My thoughts turned to the recent death of UN Envoy Sergio Vieira de Mello in Baghdad. Like Lindh, he was also alive shortly after the attack, even making phone calls from his crumbling office. Both had worked so hard for peace and progress -- both were never advocates of war. Both would succumb to the sort of inexplicable evil that preyed on the innocent, the vulnerable and the unsuspecting.

Looking forlornly down at my IKEA desk, I desperately wanted it to be something, anything I can hold onto as a working symbol of all that Anna had personified: a pragmatic, accessible and enlightened way of life, one that many others would be so envious as to take it away by the basest of means.

Anna struck me as someone I could have easily befriended in Sweden during the past two years. Here are some impressions of the people I did meet:

On 9 April, 2001, Anna Lindh spoke at a gathering of EU foreign ministers, during a year in which Sweden held the rotating EU presidency. 

Lindh died on 11 September 2003. She is survived by a husband and two children. (AP Photo by Virginia Mayo)

    

It was a 40-centigrade afternoon at Stockholm's Arlanda Airport. Not breaking a sweat in his long-sleeved white shirt and tie, a Hertz employee about my age -- no, younger -- spent the rest of his long summer day with me on a quest for the last S40 Volvo wagon with automatic transmission. He led me on a hike past the construction sites around the airport, then drove me in his own car to no less than two other Hertz locations until we found one.

At the Swedish National Museum, the sole attendant at the gift shop was determined not to chat with me, her only customer. I thought I could loosen her tongue with an easy conversational piece, the embarrassingly vast collection of ABBA merchandise near her till. All I could get out of her was "Yes, I know 'Mama Mia'* is playing in New York." 

In Jukkasjärvi, I spotted a group children playing amid the ruins of the Ice Hotel, which is rebuilt every winter to become the largest igloo in the world. As soon as a 9-year-old girl with a ponytail saw me, she ducked behind a wall of melting ice, and shouted out her English lessons on top of her lungs:

"Hi-my-name-is-Marlene-I-live-in-SVEEEDEN!"

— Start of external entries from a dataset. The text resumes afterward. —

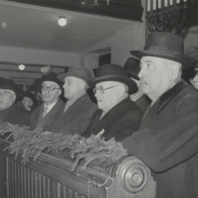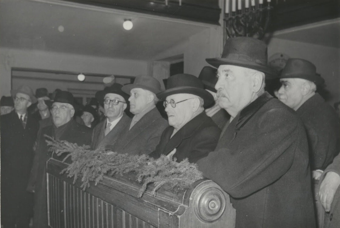 A Magyar Zsidó Múzeum és Levéltár mai hírleveléből egy olyan fotót osztunk meg, amely 65 évvel ezelőtt, 1959. december 6-án készült Végházi István beiktatásán a budai Frankel-zsinagógában. A fénykép Halász Katalin ajándékaként került a gyűjteménybe Láng Viktor hagyatékából. A kép múzeumi adatlapját itt találják.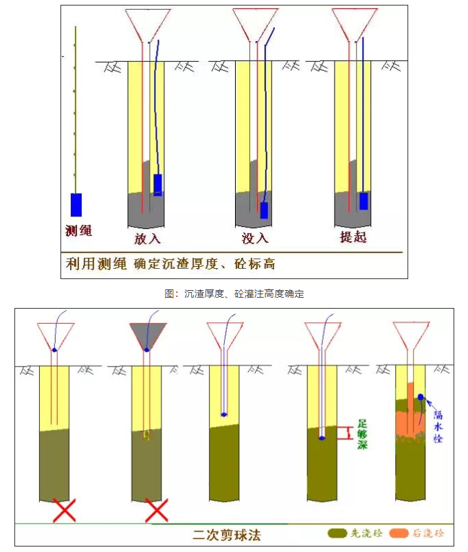 在澆注前,探測孔底泥漿沉淀厚度,如大于設(shè)計厚度,再次清孔,直到滿足要求為止。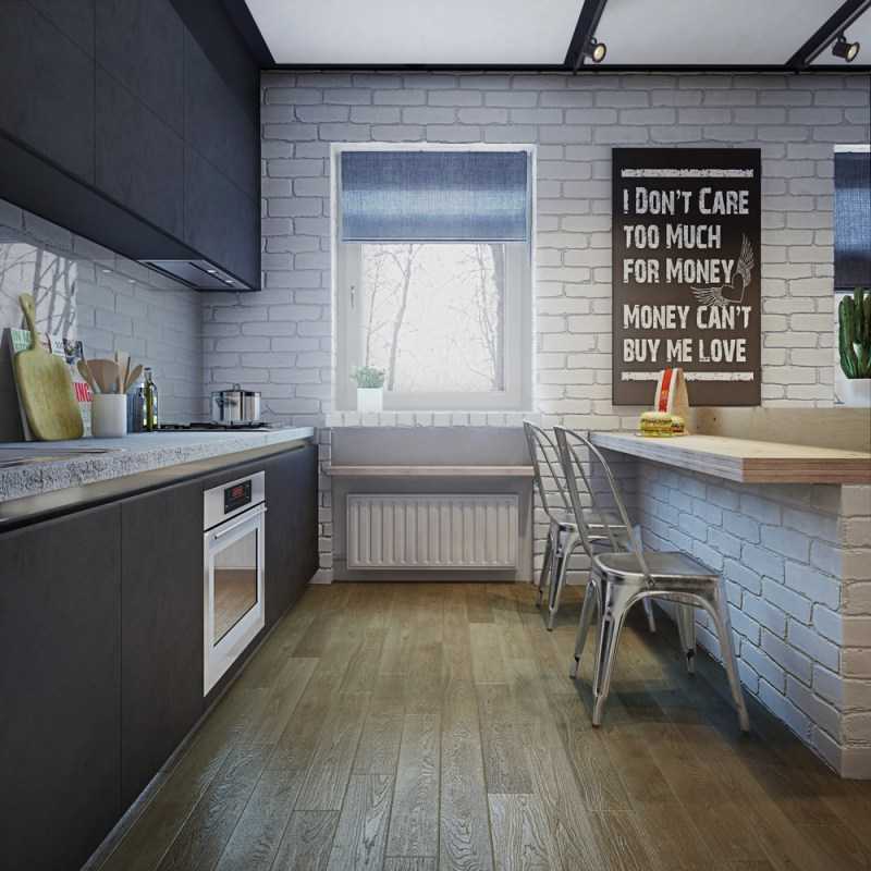 Если есть намерение оформить небольшую кухню таким образом, то следует учитывать то, что мебель и гарнитур должны быть компактными и выступать от стены на минимуме своих возможностей, иначе есть риск создать психологически неприятную «клетку».

Carefree, proud and steadfast -- these are the traits I frequently observe in Swedish society, long celebrated for its openness and egalitarian spirit. This is a country where elected officials of all levels ride the bus, stand in queue at the cinema, and shop at the local grocery store along with everyone else. 

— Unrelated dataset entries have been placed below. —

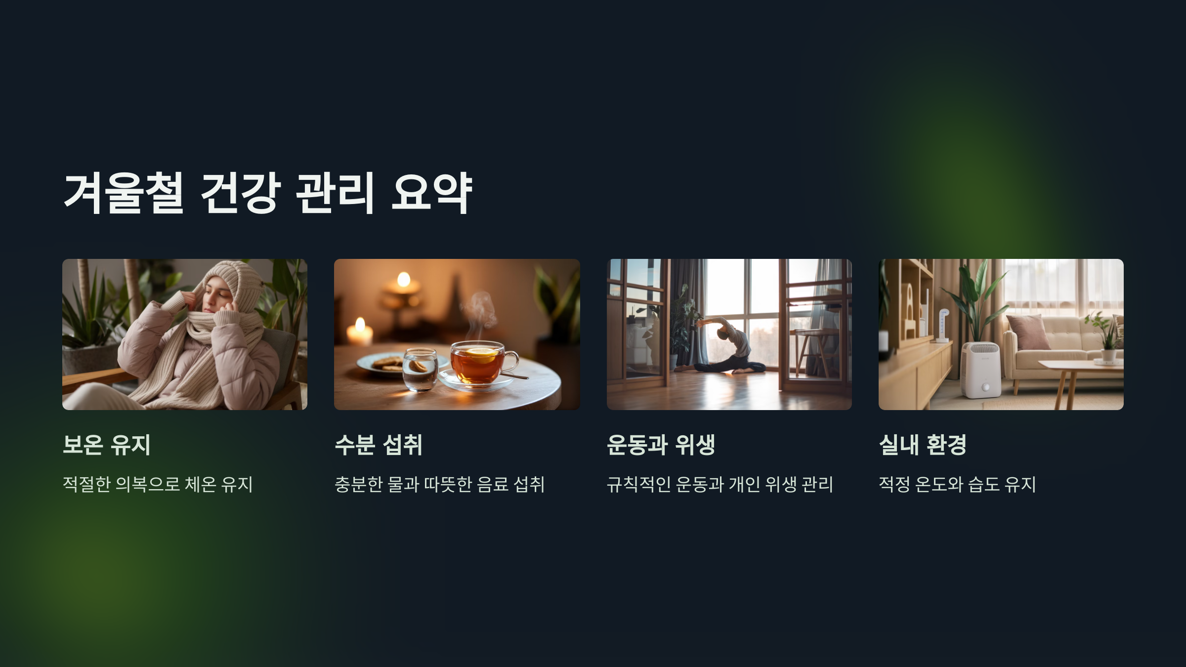겨울철 건강 관리는 꾸준한 습관에서 시작됩니다. 오늘 소개한 추운 날씨 건강 주의사항을 기억하고 하나씩 실천해 보세요.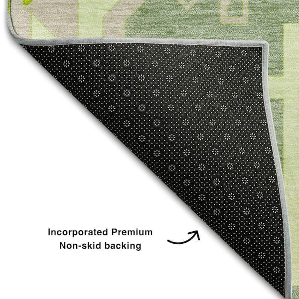 Mayfield Premium Machine Washable Abstract AMF1015 Sage 8 ft. x 8 ft. Round Rug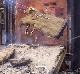 Engedéllyel végignézhettem az ÉMI laboratóriumában a kenderbeton tűzvizsgálatát. Az eredmény B0. Az anyagban található szerves összetevő miatt nem is lehetett jobb minősítést adni. Szerintem pedig gyakorlatilag nem éghető. Lángterhelés alatt az anyag nem lángolt, nem csöpögött csak izzott. Füstgáz alig keletkezett. A vizsgálat végén a 10 cm-es elemet már negyed óra után ki lehetett venni. A kivételt a hátuljánál megfogva végeztük kesztyű nélkül. Engem nagyon meggyőzött.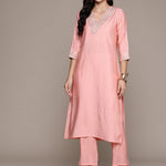 Straight Style Silk Fabric Peach Color Kurta And Bottom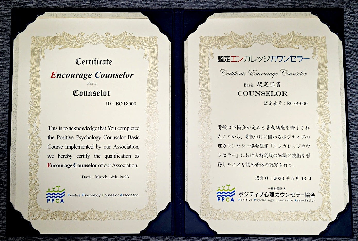 ■※2日間修了されると,認定「エンカレッジカウンセラー(勇気づけカウンセラー)」として認定を受けることもできます。

Had I a chance to meet Anna, it would have been just like that -- another everyday moment. 

The outspoken, unpretentious diplomat pushed for a more even-handed approach for peace in Israel and Palestine, and frequently criticized the war in Iraq. She died just three days before a referendum on joining the Euro zone, a cause she championed. [Amongst the 81% voter turnout, 56% chose to keep the Krona, making Sweden, Denmark and Britain the three current EU members who have not adopted the common currency. Proponents of the "nei" vote saw their position as a defense of their country's vaunted yet beleaguered cradle-to-grave welfare system, which is presently sustained by an economic growth rate higher, and unemployment rate lower, than the average amongst the Euro nations.]

Things hardly seem to go wrong in prosperous, peaceful and progressive Sweden. When they do, the whole world grieves, and resigns to the fact that an utopia is just that. Since Salvador Allende fell in Santiago and the Twin Towers fell in Manhattan, a certain day in September will now be remembered for yet another tragedy.

CW, 11 September 2003, updated 23 March 2004

*For the record, "Mama Mia" is a musical comedy where performers sing familiar hits of the kitschy 1970s pop group.

Update: On 7 January 2004, prime suspect Mijailo Mijailovic, a 25-year-old naturalized Swede from former Yugoslavia with three former convictions, claimed that "voices in his head" told him to attack Lindh. The identity of the killer was also confirmed via DNA sampling from the murder weapon recovered at the crime scene. The district court of Stockholm sentenced him to life imprisonment on 23 March, 2004.